Nursing Homes That Were Unionized Saw Fewer COVID-19 Deaths

A new study finds that unionized nursing homes had 30 percent lower mortality rates than nonunion homes. Quite literally, unions save lives.

Nursing home workers hold a vigil outside of the Downtown Brooklyn Nursing and Rehabilitation Center on May 21, 2020 in the Brooklyn borough in New York City. Stephanie Keith / Getty

Unions have been the punching bag for the American right for decades — no matter what the societal problem, conservatives’ first scapegoat is organized labor. But if you or a relative were in a nursing home when the coronavirus pandemic hit, you would probably have wanted to be in one whose workers were unionized — because new data suggests you’d have a better chance of surviving the disease.

The study by researchers at George Washington University and the medical schools at the University of Pennsylvania and Boston University found that nursing homes in New York state that were staffed by unionized health care workers saw COVID mortality rates among residents that were 30 percent lower than those in nonunionized nursing homes.

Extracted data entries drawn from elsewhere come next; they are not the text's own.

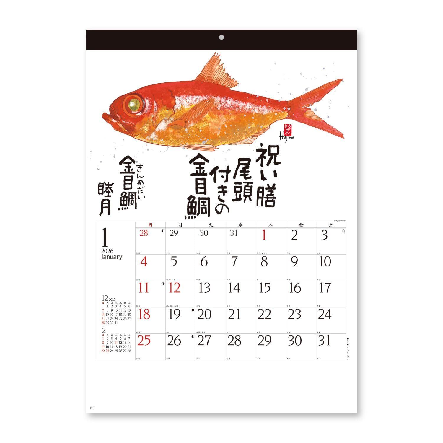 この壁掛けカレンダーは、岡本肇による鮮やかな魚のアートが特長です。しっかりとしたサイズ感で、どんな空間にも映えるデザインが魅力!毎月異なる美しい魚の絵柄が日々のインスピレーションを与えてくれます。
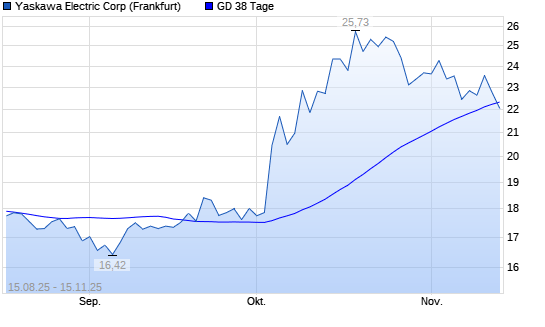 Mit dem Rücksetzer auf 22,05 EUR hat die Yaskawa Electric-Aktie am 14.11.2025 die 38-Tage-Linie nach unten gekreuzt.
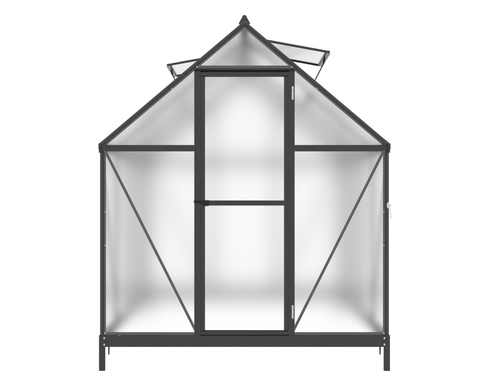 Alumínium üvegház, sz 1,82 x mé 2,43 m, fekete, 2x felülvilágító, 4 mm polikarbonát, csuklós ajtó, terület 4,42 m2.
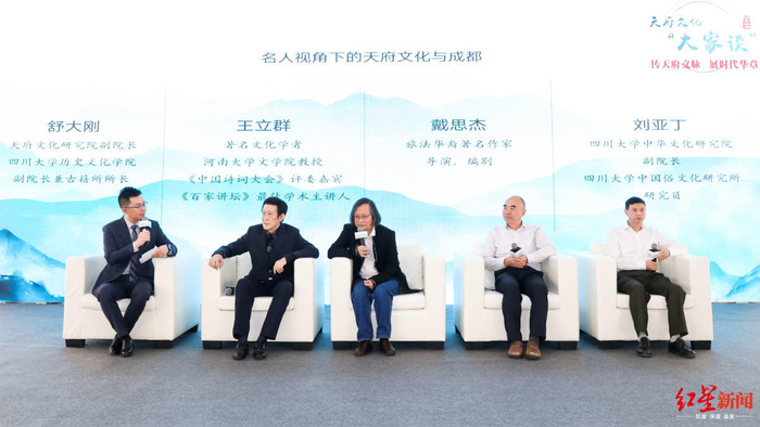 在活动现场,主办方还以主题沙龙的形式,就“天府文化古今谈”、“天府文化与世界文化名城建设”等话题,让王立群、戴思杰、舒大刚、刘亚丁发进行了探讨。
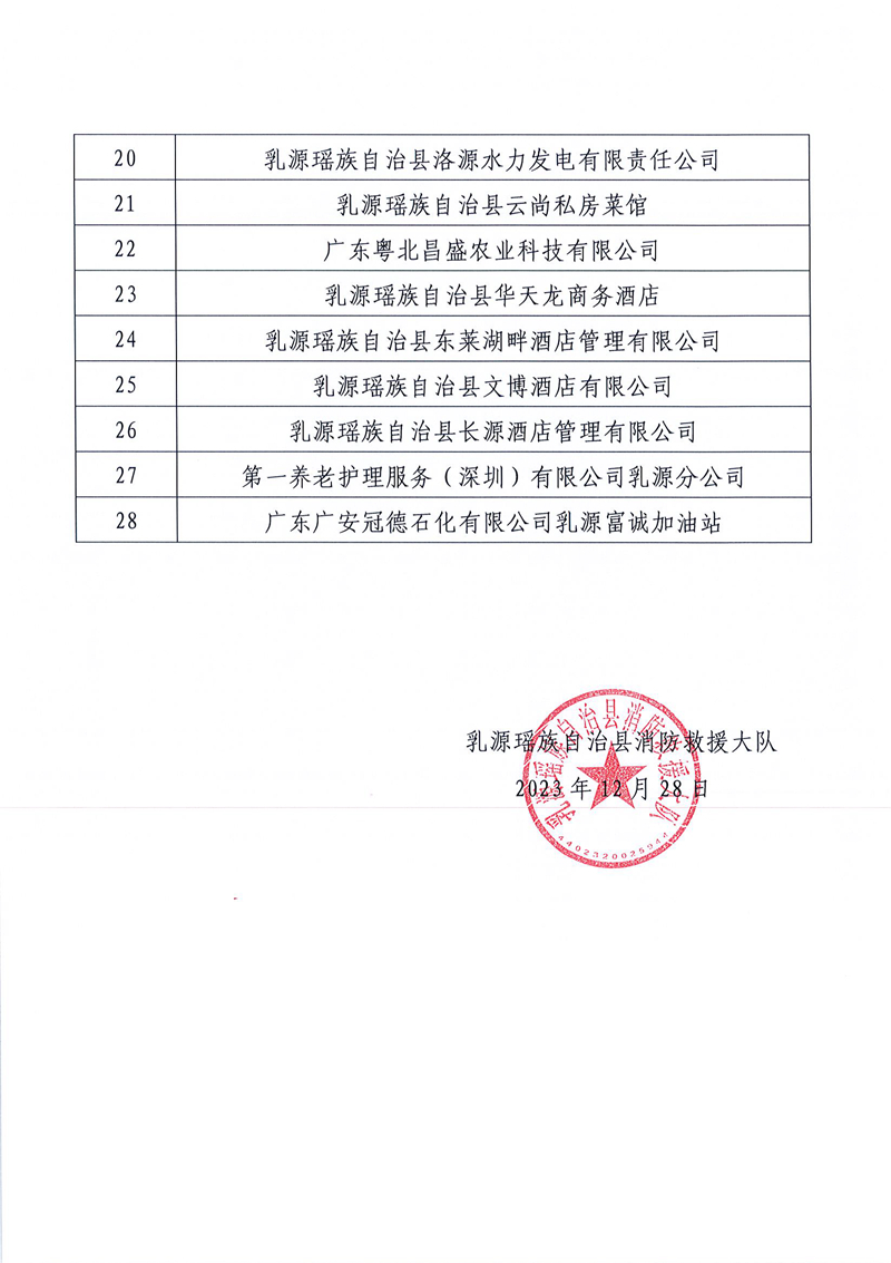 乳源瑶族自治县消防救援大队关于2024年1月份“双随机、一公开”消防监督抽查计划的公告
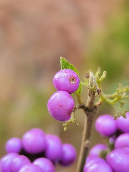 紫珠,一球球紫色的小圆果串在枝上,株形秀丽,果实色彩鲜艳,珠圆玉润,犹如一颗颗紫色的珍珠。紫珠的花语有“聪明”的意思,紫珠有“家庭和睦”,“来年和睦”,“来年好运”、“长命百岁” “紫气东来”等花语。迷茶分享一支给我,回家插花瓶里面,确实赏心悦目。
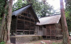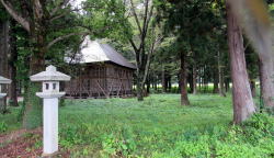 明治以降の軍国化政策と国家神道イデオロギーによって、この神社もまた大和王権系の神社信仰の形式枠組みが「上から」被せられたのでしょう。しかし、戦後の深刻な反省から、神道思想の影響を取り除き、祭神を水神様だけにしたものの、社殿様式が直線的な形で残ったのではないでしょうか。
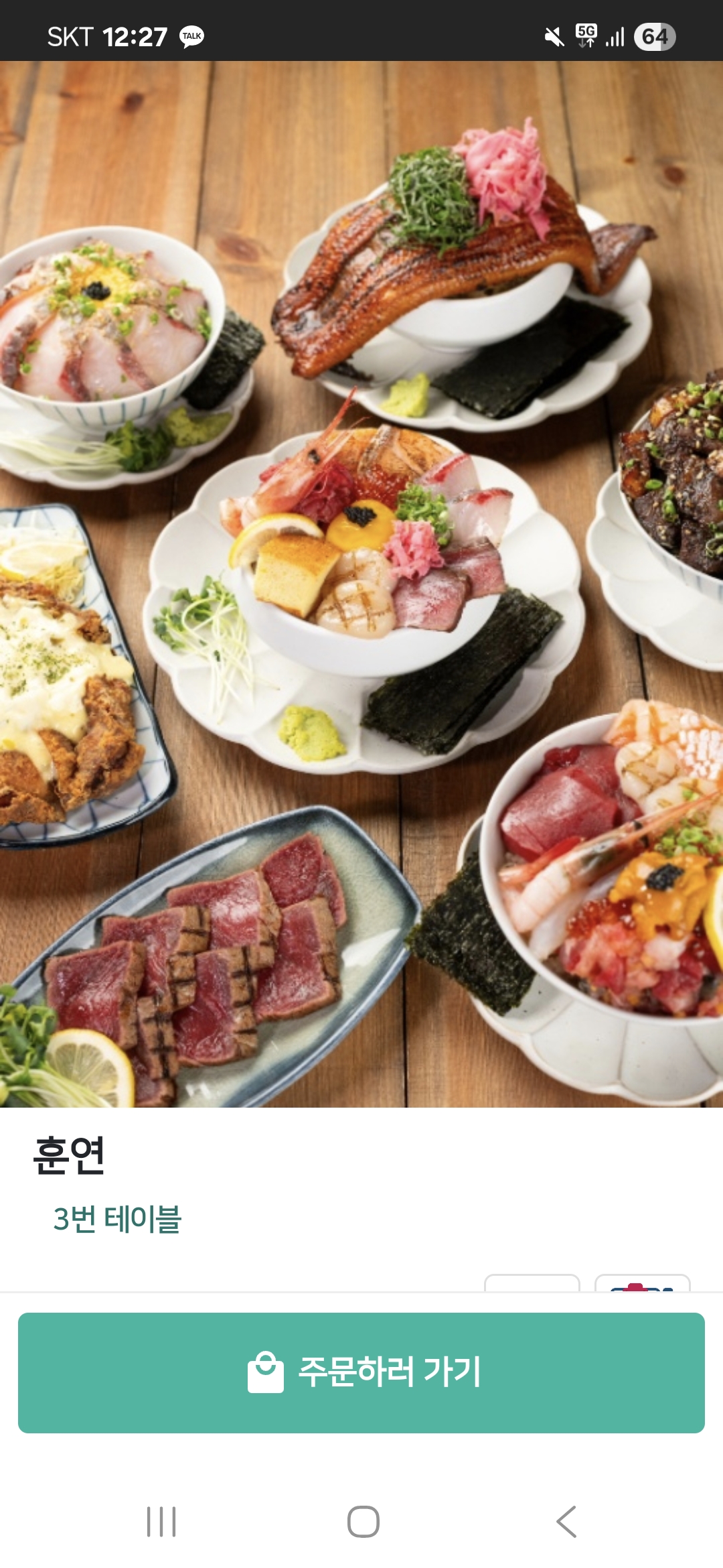 QR코드로 들어가면 해당 테이블 번호가 팝업이 되고 아래에서 메뉴들을 담아서 주문하면 된다~ 단, 계산은 식사 후에 카운터에서 진행한다!
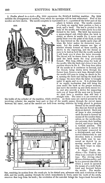 Knitting Machinery, ---. Appletons' Cyclopaedia of Applied Mechanics, 1889, 5 pages. Posted October 8, 2003. SAMPLE PAGE. File size 840 KB PDF
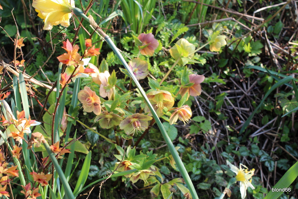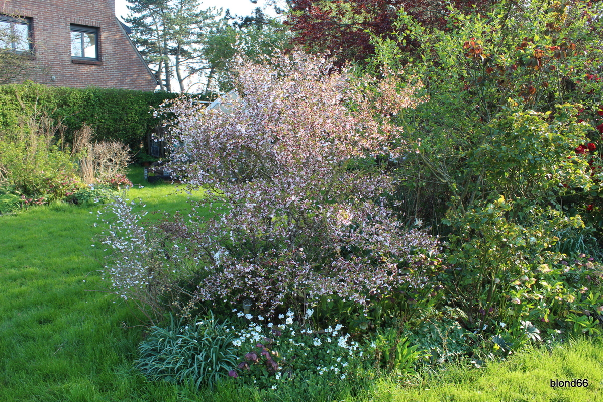 Le massif du Seringat est couvert d’hellebores blancs, rouges. Et devant, c’est le prunus « Kojo no mai » qui termine sa floraison.
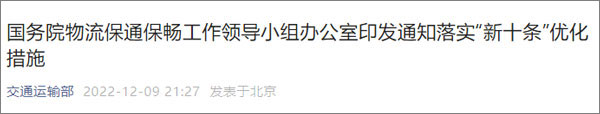 據微信公眾號“交通運輸部”,12月9日,國務院物流保通保暢工作領導小組辦公室印發通知落實“新十條”優化措施。
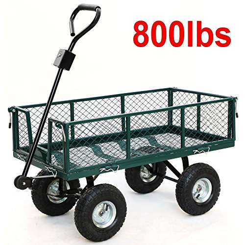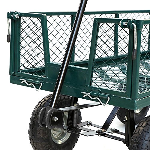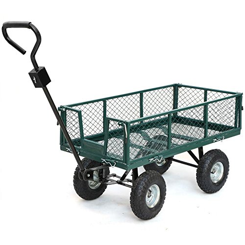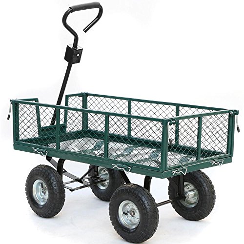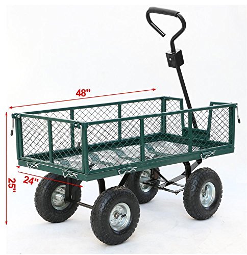 This utility cart is used for securely storing, organizing, and transporting equipment, supplies, and materials. It’s suitable for use in industrial, manufacturing, and maintenance applications, as well as in the home gardens, warehouses. The wagon can transport up to 800 lb. of supplies, equipment, or materials. Steel mesh bed with powder-coated finish for durability and corrosion resistance The sides of the crate fold down, and can be removed entirely for flatbed wagon applications, thus can facilitate loading and unloading of heavy items from the wagon, such as transporting oversized articles. The wagon comes with a 32inch steel handle with a D-style grip The padded handle makes hauling heavy dirt, mulch, gravel or plants easy with minimal fatigue. Four 10 inchx3 inch pneumatic rubber tires to resist abrasion and absorb shock while rolling on assorted indoor and outdoor terrain. The wagon is 48 x 24 x 25 inches (L x W x H). With the sides removed, the crate wagon’s height is about 14.5inch. It requires some easy assembly.
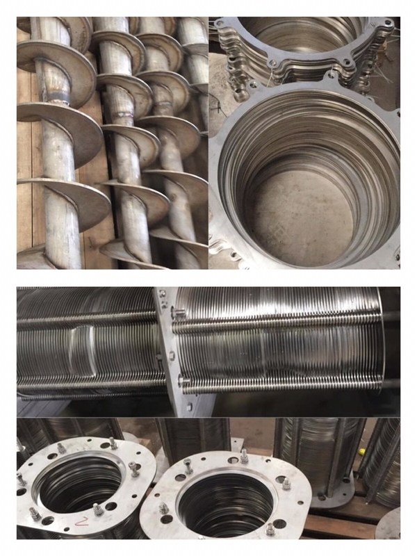 Отработанные воды вводятся в обезвоживающую машину. Под давлением спиральных лопастей шлаки перемещаются к выходу отстойника.Потому что разрыв между спиральными лезвиями становится теснееВода выходит из пространства между фиксированными и движущимися пластинами.
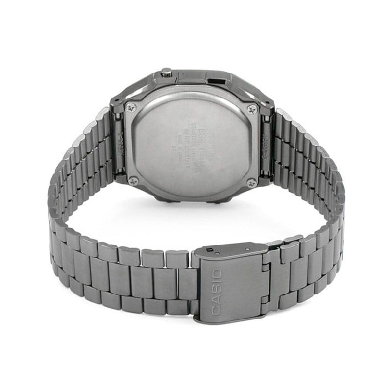 بدنه و بند ساعت از استیل ضدزنگ با آبکاری Gunmetal ساخته شدهاند؛ رنگی که ظاهری شیک، جذاب و کمی تیره ایجاد میکند. قاب طراحی کلاسیک مستطیلی Casio Vintage را حفظ کرده اما با رنگ تیره، حس لوکستری نسبت به نسخههای نقرهای ارائه میدهد.
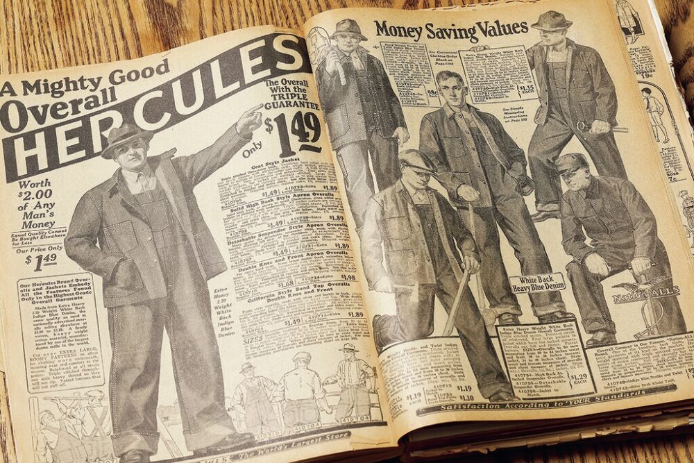1920年代後半の「シアーズ」のカタログ。オーバーオールの上にカバーオールを羽織ったスタイルはワーカーたちの定番スタイルだった。
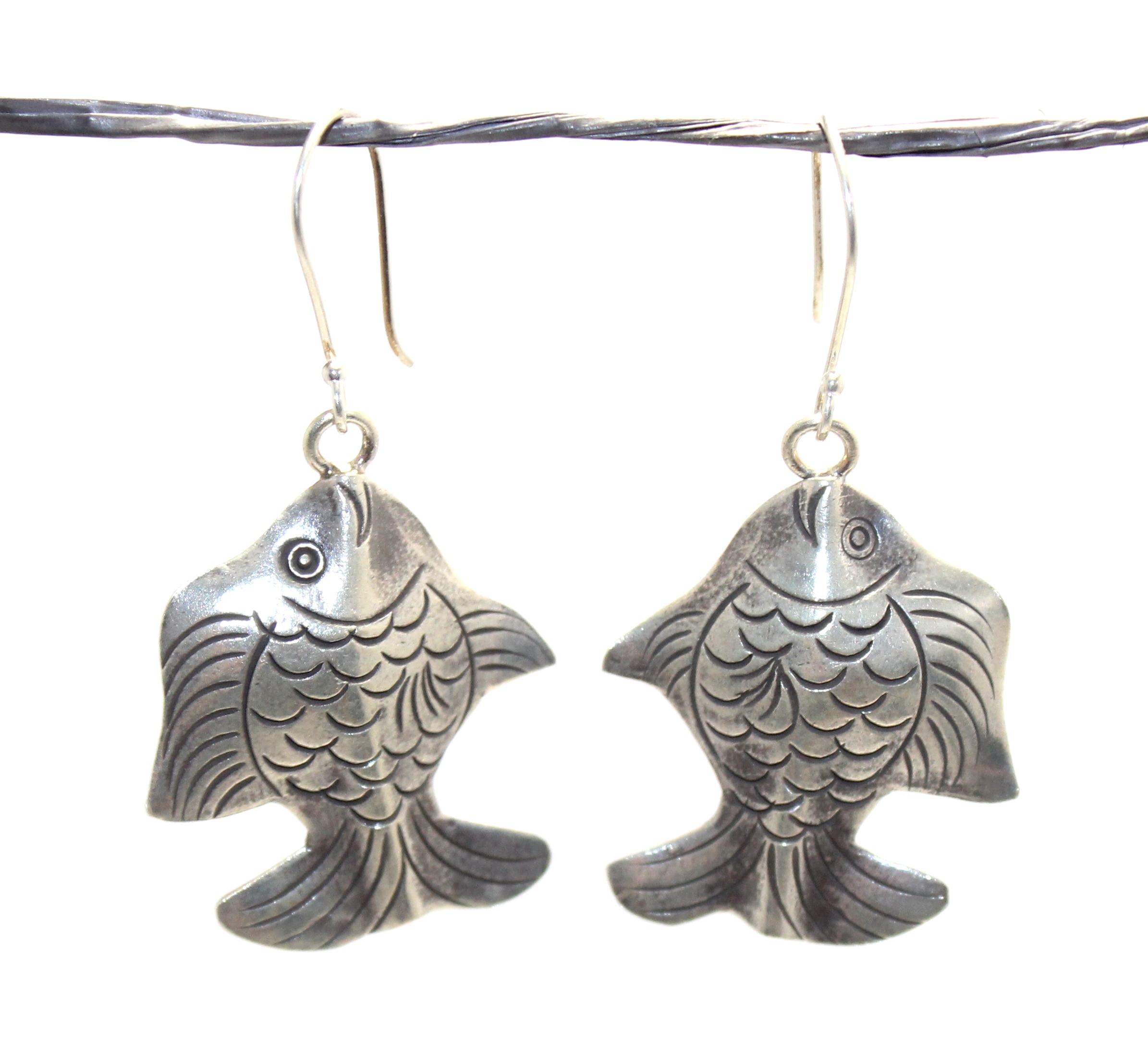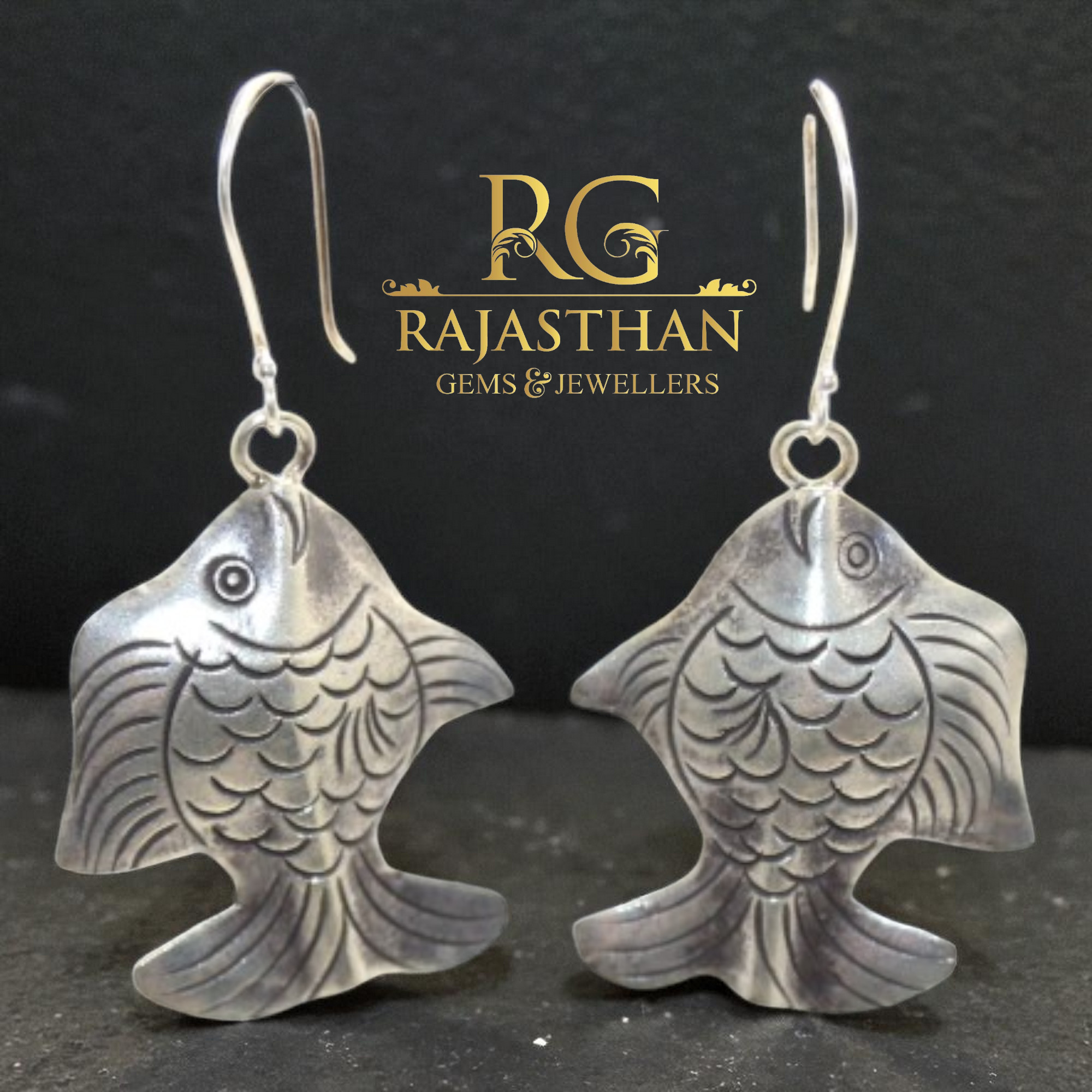 Rajasthan Gems Charm Fish Dangle Earrings 925 Sterling Silver Handmade Women Gift G682

The data confirms what a body of scholarship has already shown: patient outcomes are better when the workers taking care of them are members of unions. The findings are especially significant, because New York state nursing homes were the epicenter of the pandemic for the period of time this spring that the study authors looked at.

More than 6,600 people living in nursing homes in the state have died of COVID-19, a number that doesn’t include people who were transported from nursing homes to hospitals and died there, and therefore severely understates the COVID-19 mortality rate among nursing home residents.

Now, state officials in New York are attempting to absolve themselves of blame for the second-highest nursing home death rate in the country.

Governor Andrew Cuomo’s health department issued a report in July saying that Cuomo’s own directive to send COVID-19 infected patients from hospitals into nursing homes wasn’t a large factor in the transmission rate, instead blaming transmission on workers. But workers struggled to gain access to adequate personal protective equipment (PPE) — a key factor in stopping transmission — and especially those workers without unions.

This new study shows that blaming workers for transmission couldn’t be more wrong: people were less likely to die when workers had more power.

While the study concluded a strong correlation between nursing home staff unions and mortality rates, it wasn’t conducted in a manner to draw causal conclusions. But the authors put forward multiple theories about why unionized nursing homes were safer. For one, the study found that unionized nursing homes had an 11.5 percent higher chance of having access to PPE in the early days of the outbreak than those without unionized workers.

“For six months now, people have been talking about PPE and worker safety and how to protect essential workers,” study coauthor Adam Dean, a professor of political science at George Washington University who studies unions, told TMI. “But there hasn’t been that much talk about labor unions. It’s almost as if people have forgotten that one of the main things that unions do is fight for safer working conditions.”

And in the case of COVID-19, Dean said, worker safety directly translates to resident safety, because when workers protecting themselves against COVID-19, they are less likely to transmit the virus to others. “Nursing home unions demanded PPE to protect health care workers,” Dean said. “But better access to PPE also meant that fewer workers got sick, and that fewer nursing home residents therefore received care from infected workers.”

Study coauthor Atheendar Venkataramani, a professor at the University of Pennsylvania’s Perelman School of Medicine, suggested another possibility: Perhaps unionized nursing homes were able to limit transfer between residents by successfully preventing COVID-19 positive patients from being brought into the facilities from hospitals or other facilities.

Venkataramani said that the results of the study reflect what experts already knew to be true in normal times; that when health care workers have better pay and more control over the conditions of their workplaces, patient outcomes are better.

Dean also pointed to a larger takeaway from the study that deserves attention, which is that unions make society safer on the whole. “The benefits of labor unions were not just for health care workers or even just for nursing home residents,” Dean said, “they’re for everyone. The fact that unions were associated with lower COVID-19 infection and death rates in the epicenter of the pandemic — nursing homes in the state of New York — really speaks to the broader societal benefits of labor unions.”